Clint Eastwoods first film as an actor for a director other than himself since In the Line of Fire in 1993, Trouble with the Curve is a corny, conventional and quite enjoyable father-daughter reconciliation story set mostly in the minor league baseball world of the South.
Playing a sort of PG-13-rated version of his ornery coot in Gran Torino, Eastwood is vastly entertaining as an old-fashioned scout who disdains computers and fancy statistical charts in favor of his own time-tested instincts.
Making his directorial debut, Eastwoods longtime producer Rob Lorenz knows just how to pitch the story to take advantage of the humorous side of his stars obstinate crankiness, and Amy Adams makes a good match as the career-driven daughter with festering resentments.
As in Gran Torino four years ago, Eastwood does not hesitate to spotlight the debilitations of old age, in fact doing so right off the bat as his Gus Lobel patiently coaxes out a morning pee, struggles with vision problems and stumbles into a coffee table at his modest home.
A legendary baseball scout responsible for discovering some major stars in his day, Gus is one of the last of the cigar-chompers, a guy who relies on what he sees, hears and intuits but, with just months left on his contract with the Atlanta Braves, may be ready for pasture. Anybody whos seen Moneyball will know which side of the table he sits on.
His only kid, conspicuously named Mickey (Amy Adams), is a high-powered young Atlanta lawyer on the verge of becoming a partner at her firm. Still stewing over having been palmed off on relatives when her mother died young so Gus could continue to troll the minors for talent, Mickey has commitment issues with men and the last thing this workaholic could imagine is accompanying her dad through Southern backwaters on what could be his final swing. But her old mans pal (John Goodman) talks her into it, suggesting that it could be a last chance to patch things up.

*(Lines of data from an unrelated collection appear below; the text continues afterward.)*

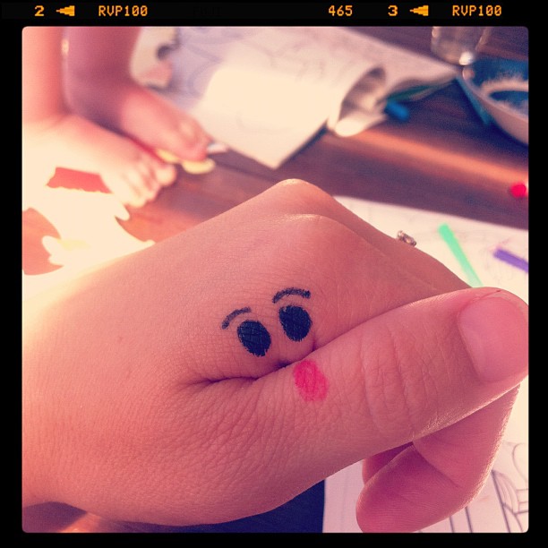 Sam and I made little faces with our hands... if you look closely in the background you can see cheeky little feet standing on the table. Jakey likes to be centre of attention :P
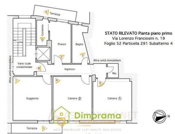 appartamento posto al piano primo con ascensore, a sinistra del ballatoio per chi sale, composto da pranzo con cucinotto adiacente, tre vani, ingresso, bagno e ripostiglio per una superficie complessiva di mq. 81,02 al netto delle murature interne ed esterne, oltre a due terrazze una sul fronte del fabbricato e l'altra sul retro della superficie complessiva di mq. 9,69 ed un ripostiglio della superficie di mq. 2,59 posto sul lastrico solare del fabbricato....
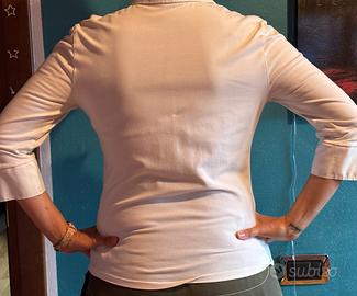 Vendo camicia Nara bianca elasticizzata con bottoni e volant nella scollatura. La manica è a 3/4.
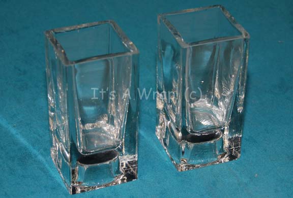 A pair of clear glasses appearing variously in episodes of Star Trek: Deep Space Nine on the set of “Quark’s! Bar”. The items are shorter square shaped glasses with heavy inset bases and were originally intended to be candle holders which were upended for use as drinking vessels on the … |
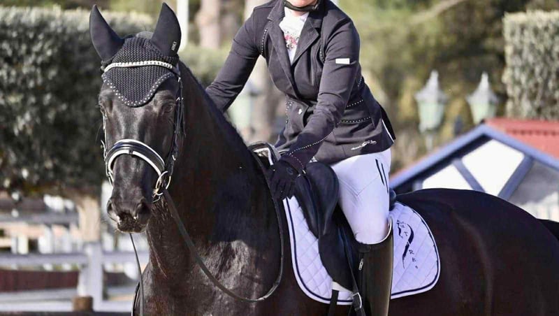 Questo splendido gelding KWPN di 7 anni si distingue per la sua presenza, il suo modello armonioso e il suo carisma naturale. Con il suo grande statura (1,72 m) e le sue tre andature di buona qualità, combina eleganza, forza e modernità. Sotto il suo aspetto espressivo si nasconde un cavallo molto gentile, sensibile ma ben educato, dotato di un eccellente carattere e mentalità nel lavoro. È un cavallo dal sangue, volontario e generoso, che cerca sempre di fare bene e di progredire. Padre: Governor (figlio di Totilas) – stallone di fama internazionale, finalista ai Campionati del Mondo dei Giovani Cavalli, noto per trasmettere espressione, flessibilità e un’ottima qualità di galoppo. Madre: Apache (figlio di UB 40) – figura di spicco del dressage moderno, celebre per potenza, forza e ritmo nella discendenza. Una genealogia eccezionale che combina classe, energia e potenziale sportivo. Questo gelding mostra già ottimi fondamentali: Iniziato in disciplina classica a 4 anni, ottiene 8 al passo e al galoppo, 7,5 al trotto, con commenti molto positivi sul suo atteggiamento e sulla qualità del contatto. Successivamente, ha proseguito nel ciclo libero a 5 anni, confermando la sua regolarità e il suo comportamento eccellente in gara. Attualmente, lavora a livello Amateur 2, con i cambi di piede in fase di acquisizione. Per mancanza di tempo, non è stato recentemente presentato in competizione, ma mostra tutto il potenziale per evolversi rapidamente verso un livello superiore con un cavaliere regolare. Tre andature di buona qualità, con un galoppo ampio e saliente, e un passo notevole per flessibilità e ampiezza. Molto forza, schiena solida e un’ottima spinta degli posteriori. Mentalità molto sana in gara, concentrato e generoso. Gentile quotidianamente, molto socievole e ben educato. Un cavallo moderno, espressivo e dotato di una genetica eccezionale, ideale per un cavaliere che cerca un partner di futuro con struttura, sangue e vere qualità per il dressage.
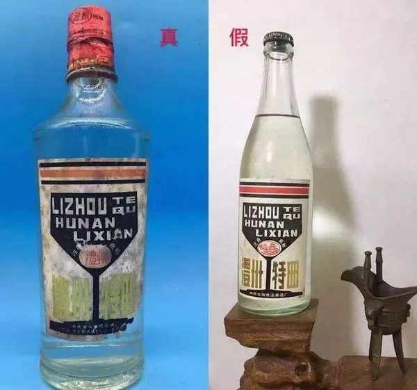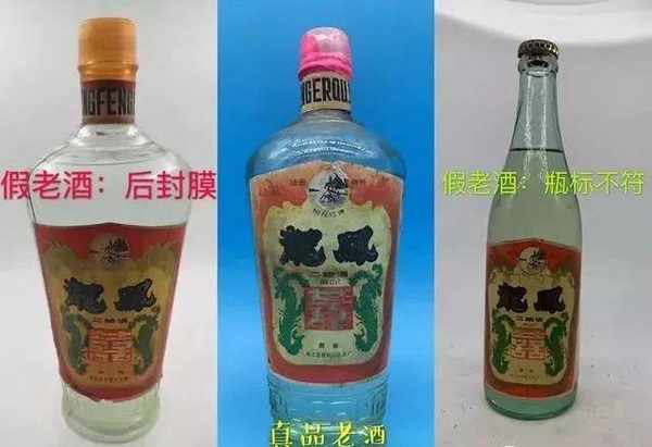 比如真老酒和臆造老酒的對比,真老酒的瓶蓋封膜、酒標和瓶型都是相互對應和自然包漿的。
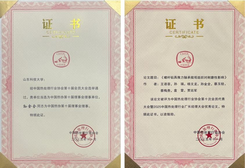 11月25日在第十届理事会选举中,304永利集团官网入口当选为中国热处理行业协会理事单位(2025-2030年度);304永利集团官网入口孙金全教授当选为中国热协第十届理事会理事。11月26日大会总结“十四五” 发展成就、部署“十五五”规划,安排两场前沿技术报告,并同步举办7 场专业分论坛,覆盖高端轴承材料与热处理等多个领域。在同期举办的第三届高端轴承材料与热处理专题论坛上,材料工程专业 24-3 班硕士研究生王语菲作了题为“螺杆钻具推力轴承失效分析与性能提升”的专业分论坛报告。此外,《螺杆钻具推力轴承微观组织对耐磨性影响》一文,获评大会“优秀论文”。
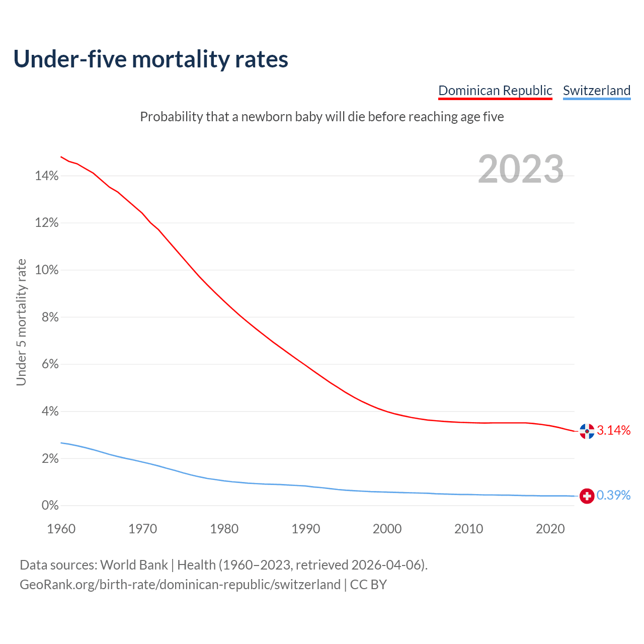 The chance that a newborn baby will die before reaching age five is 3.14% in the Dominican Republic and 0.39% in Switzerland. Above is a chart with historical data on under-five mortality rates.
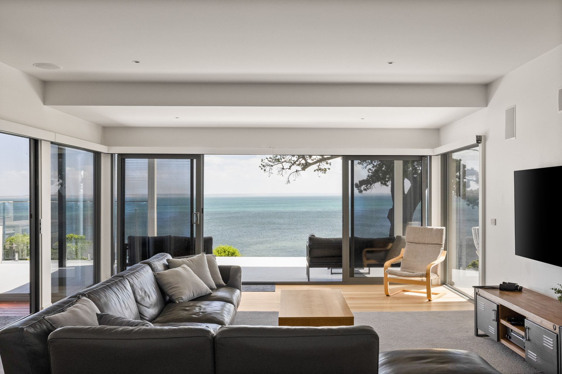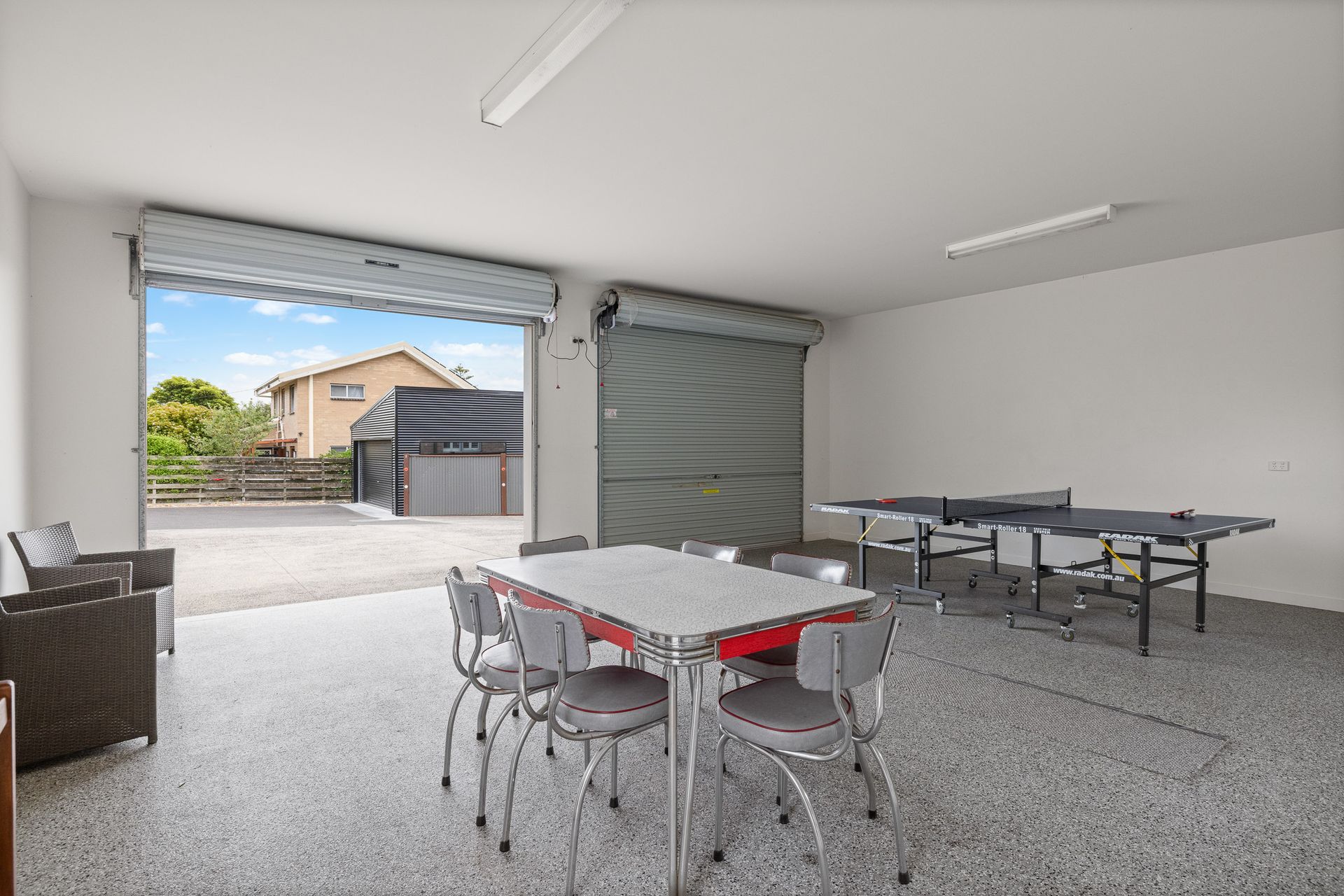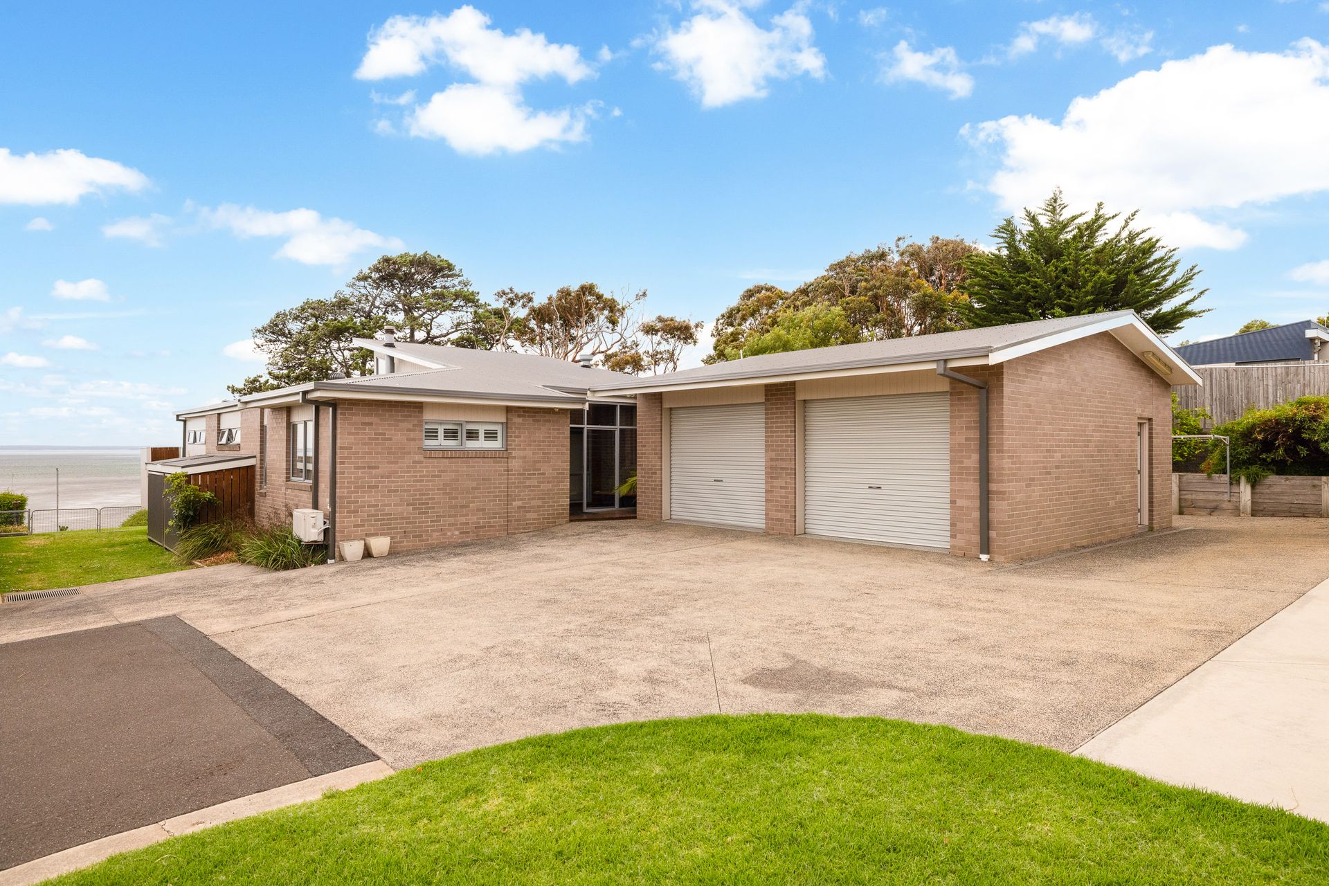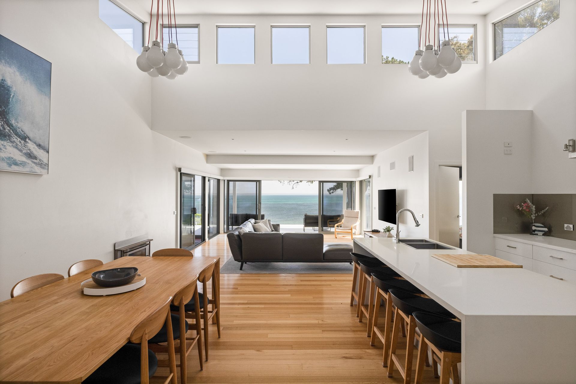 The large semi-covered Deck has incredible water views looking over French Island National Park. The double Garage (with table tennis table and couches) Is not for parking, however there is space for 3 vehicles (cars and/or a boat) in front of the Garage in the driveway. The closest swimming beach is a four minute drive away.
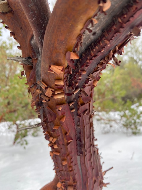 I hear the hints of”gladness” in the breathing of trees. On this walk, I’m also drawn to the interplay of living and dead, like the manzanita intertwined in two-tone bark the colors of blood and bone. Melancholy drifts into my consciousness. Perhaps it’s the clouds settling on my soul. It’s not a sadness, more of the way I feel when listening to Eva Cassidy singing John Lennon’s “Imagine.” Her voice –at once meadowlark and sultry blues–is not forgotten decades after her death from melanoma at 33. Loss. What lives on. The singing. “You may say I’m a dreamer, but I’m not the only one…”
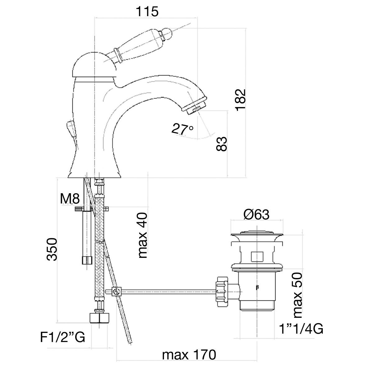 Высота излива (мм):83 p>
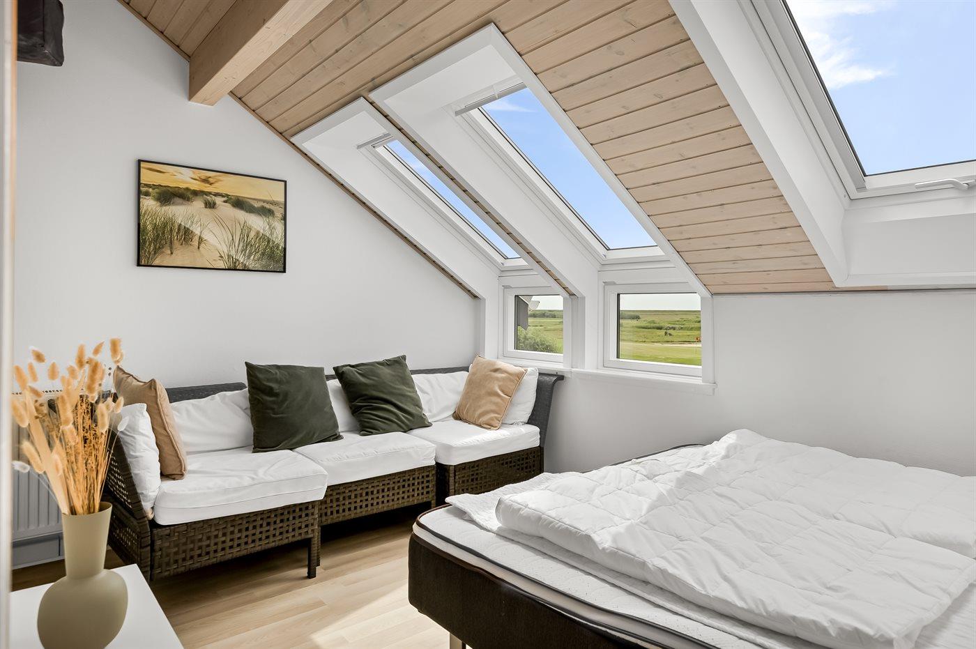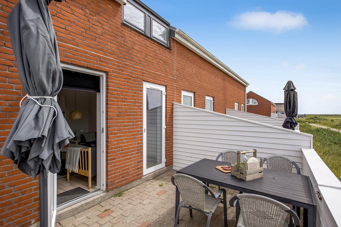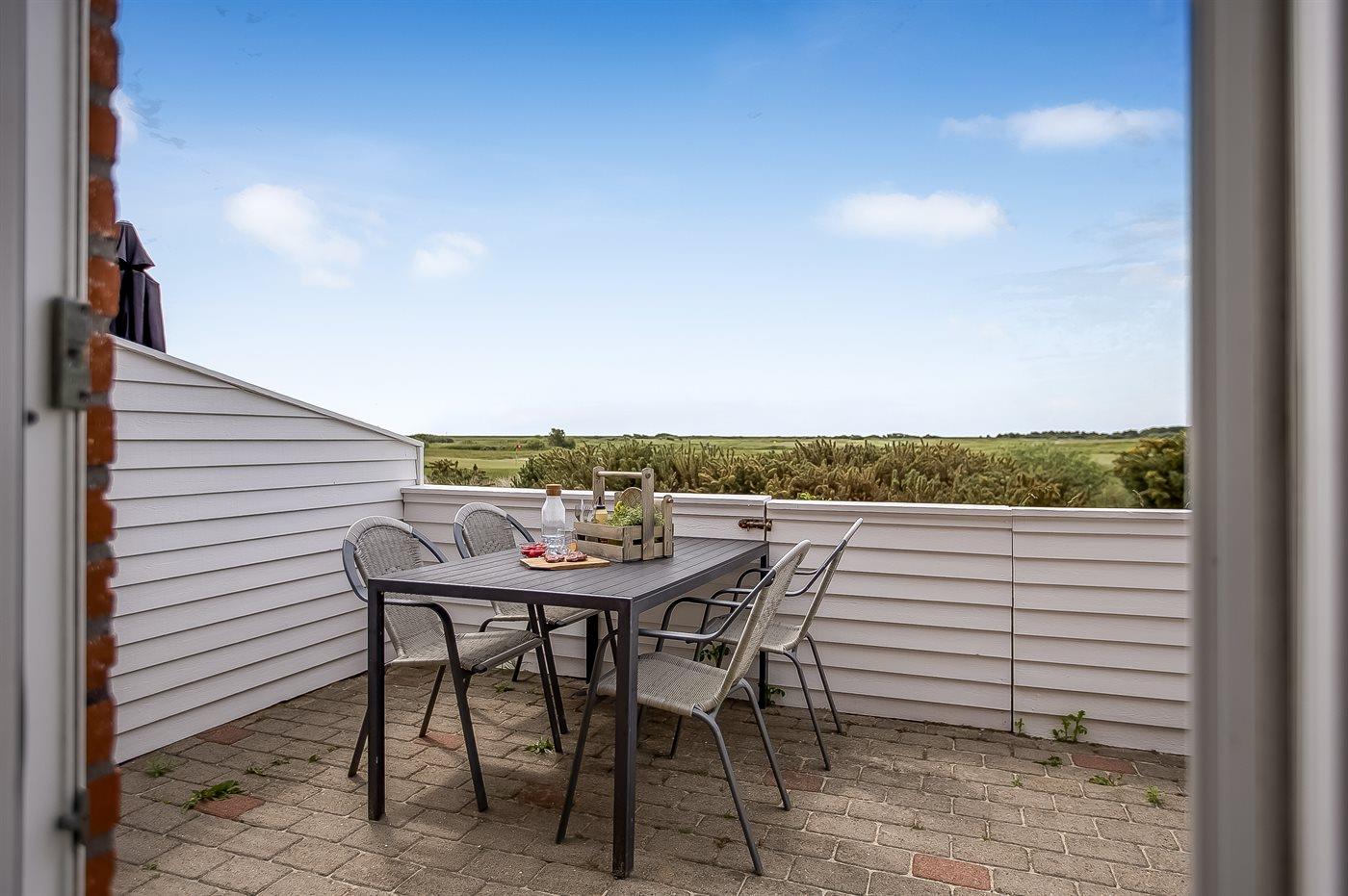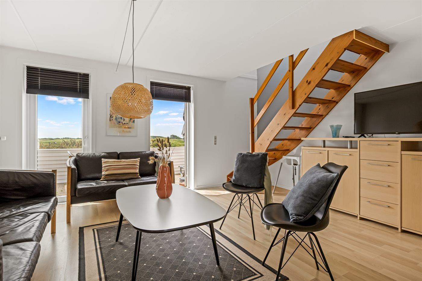 Moderne 2-etages feriebolig i første række ud mod ny golfbane. Til ferielejligheden, som er totalrenoveret i 2015, hører en dejlig sydvendt terrasse med ugenert udsigt til golfbanen. Fra 1. sal er der en pragtfuld udsigt over Vadehavet til øen Sild. Lejligheden er meget lys og udsigts-/ovenlysvinduerne gør, at der også om vinteren bliver dejlig lyst så snart solen er fremme. Om sommeren, når solen rigtig skinner bliver der hurtigt varmt og man kan sidde indenfor med åbne vinduer. Til lejligheden hører en dejlig sydvestvendt terrasse med havemøbler og på den anden side af lejligheden findes flot legeplads med stor hoppepude. 2 svømmehaller til gratis afbenyttelse og tennisbane mod betaling. Ferieboligen, der er på 71 m2 og bygget i 1992, er indrettet med nye møbler og har nyanlagt terrasse. På gulvene er der tæpper, dog vinylgulv i køkkenet. Lofter og vægge er malede. Badeværelse med bruseniche og vaskemaskine. Det åbne køkken er bl.a. udstyret med komfur med keramiske kogeplader og varmluftovn. Hyggelig stue med 32" TV med parabolantenne og stereoanlæg med CD-afspiller. Desuden gratis internetforbindelse til rådighed (computer skal medbringes). 2 store soveværelser på 1. sal; 1 med dobbeltseng og 1 med 2 enkeltsenge. Desuden er der 1 værelse med køjeseng i stueetagen. Fjernvarme installeret - hvilket giver en billig opvarmning og et behageligt indeklima.

First-time screenwriter Randy Brown puts his players on base and then comes through with what feels like a solid hit through the infield that scores a couple of runs. When Mickey joins her dad in North Carolina, their nearly every exchange almost immediately turns into an argument that ends with her stomping out and him telling her to go home.
But good sense and some interesting developments keep her around: A former recruit of Guss, Johnny Flanagan (Justin Timberlake), who made it to the bigs, then threw his arm out and is now a Red Sox scout, starts hound-dogging Mickey. She has great baseball sense herself and, alongside Gus, evaluates the seasons top prospect, Bo Gentry (Joe Massingill), a beefy slugger who hits it out nearly every time he comes up to the plate.
In a modest, appealing way, Trouble With the Curve is another last-stand-of-the-old-timers movie, which might include Gran Torino, Space Cowboys and In the Line of Fire, with Eastwood as actor and sometimes director, in which experience, intuition and character get to carry the day against technology, numbers and other newfangled developments.